胤极却冷笑了下,沉声道:(对不起,我刚才已经说得很明白了,是请你亲自来取款。)
“我?!”禹水阳错愕地怔了须臾,随即一团无明人由心而发。“你!”
(话我已经说得够清楚明白了,要不要请款随你。)胤极全然不在意她的怒气,他就是要让她一刻都不得安宁。
不待她的回答,他收了线,嘴角露出促狭的讪笑。
接着他回到公司,立即感觉到公司里出现一股与他出去前不一样的凝重气氛,恍如有着山雨欲来风满楼的惊惶。

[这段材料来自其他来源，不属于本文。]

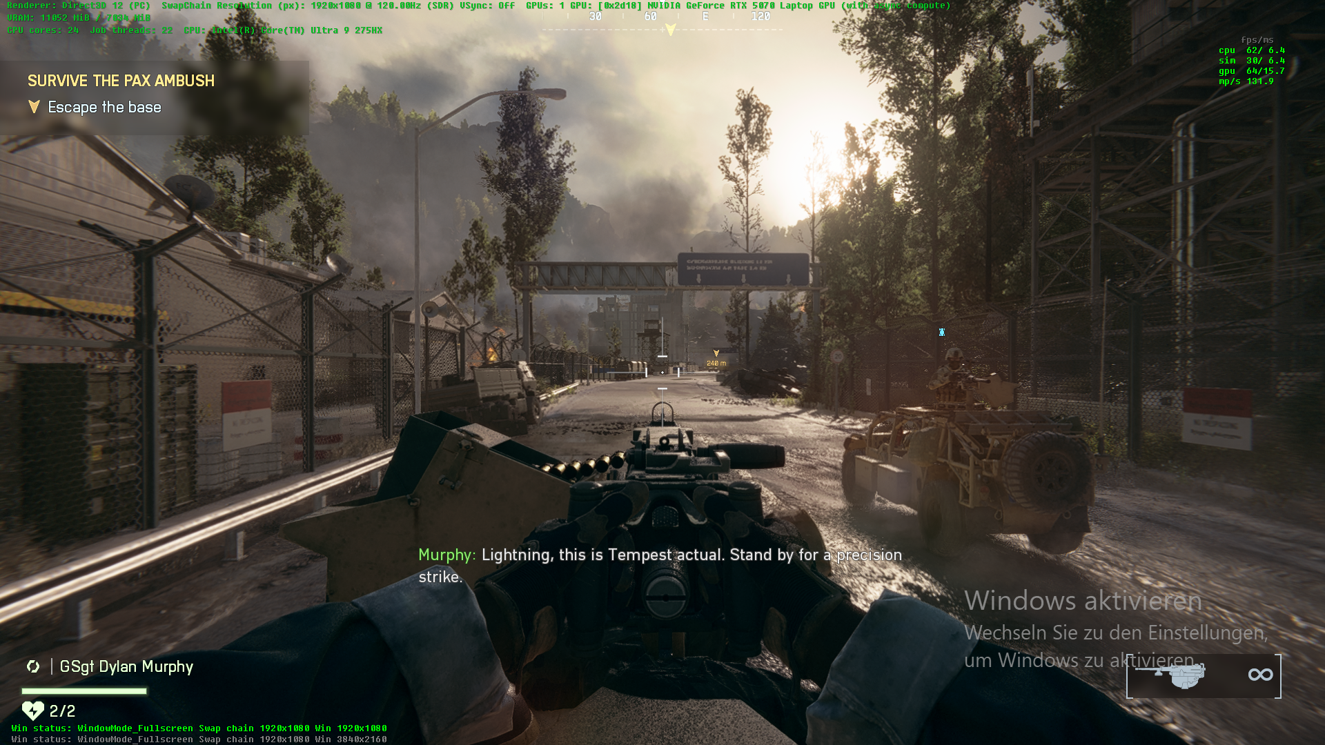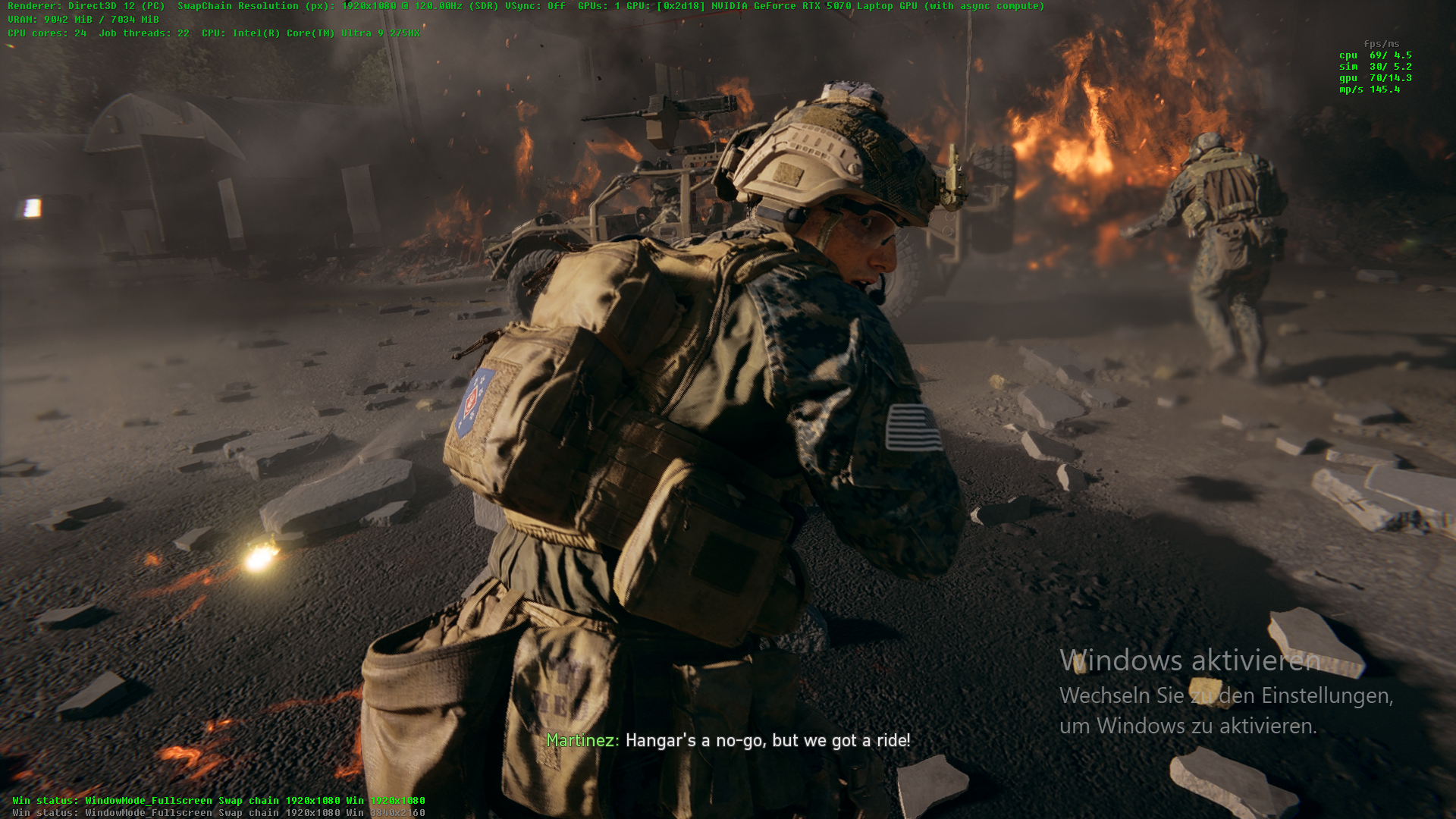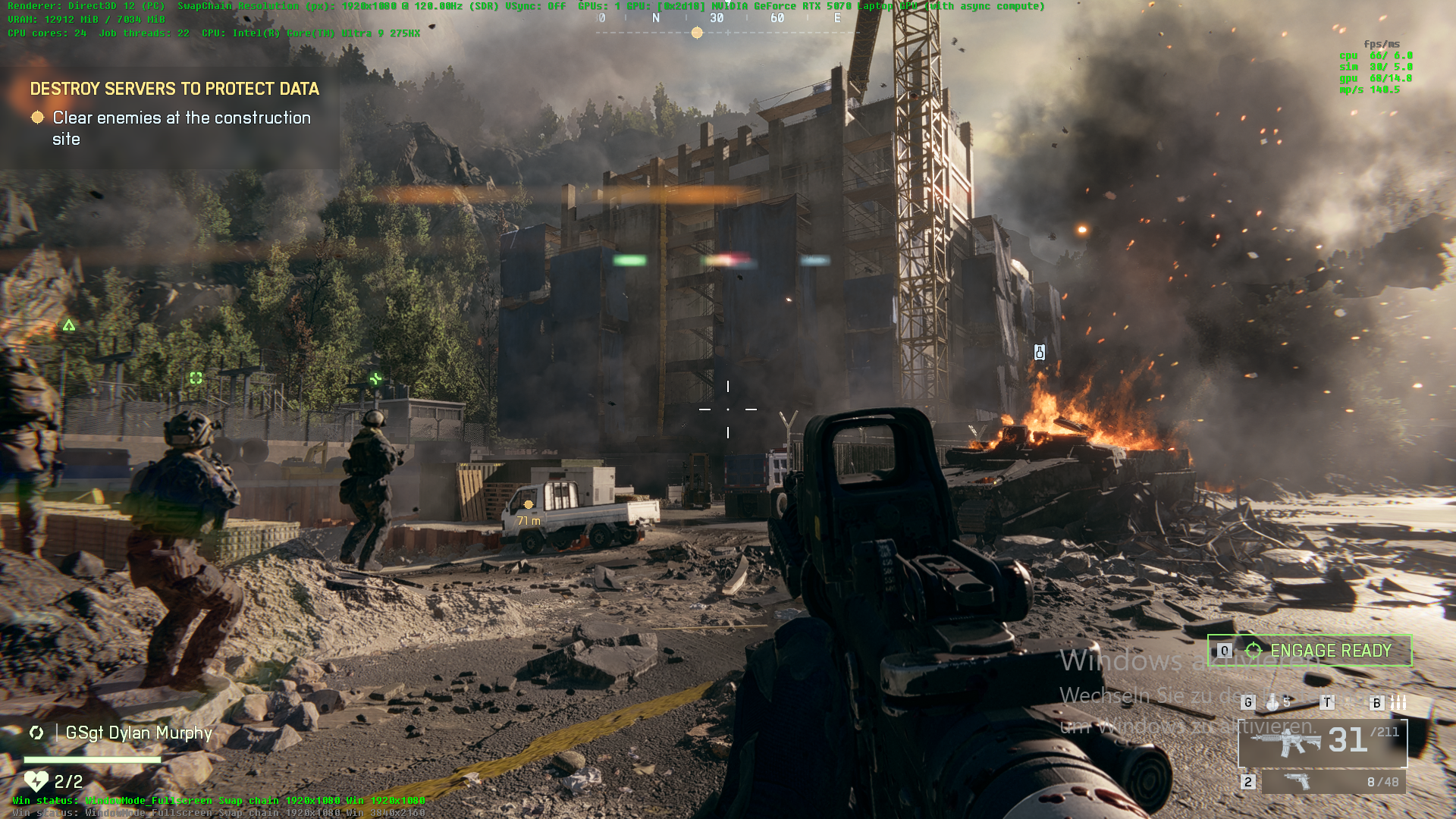 Voor multiplayerwedstrijden is er een verschil of u kleinschalige of grootschalige gevechten speelt. Een kleinschalig gevecht is geen probleem in QHD en de prestaties waren stabiel op de RTX 5070. Dit verandert zodra u deelneemt aan een grootschalig gevecht, waarbij het gedrag identiek is aan de campagne en de prestaties binnen een paar minuten merkbaar afnemen tot het punt waarop u niet meer vloeiend kunt spelen. Als u respawwnt, is de situatie beter, maar de prestaties dalen weer snel.

禹水阳的办公室里传出摔东西的声音,办公室外人人自危,不敢靠近禹水阳的办公室。
每个人皆怕走避不及招来无妄之灾。
他拦住擦身而过的莎莎,“出了什么事?”
莎莎耸一耸肩。“不知道,只知道她接了一。通电话后就开始发脾气。”她还好心地拉着她至一旁,“我劝你当禹小姐发脾气时,最好是有多远就躲多远,因为她一发起脾气,就算是天王老于站在她面前,她一样没好脸色。”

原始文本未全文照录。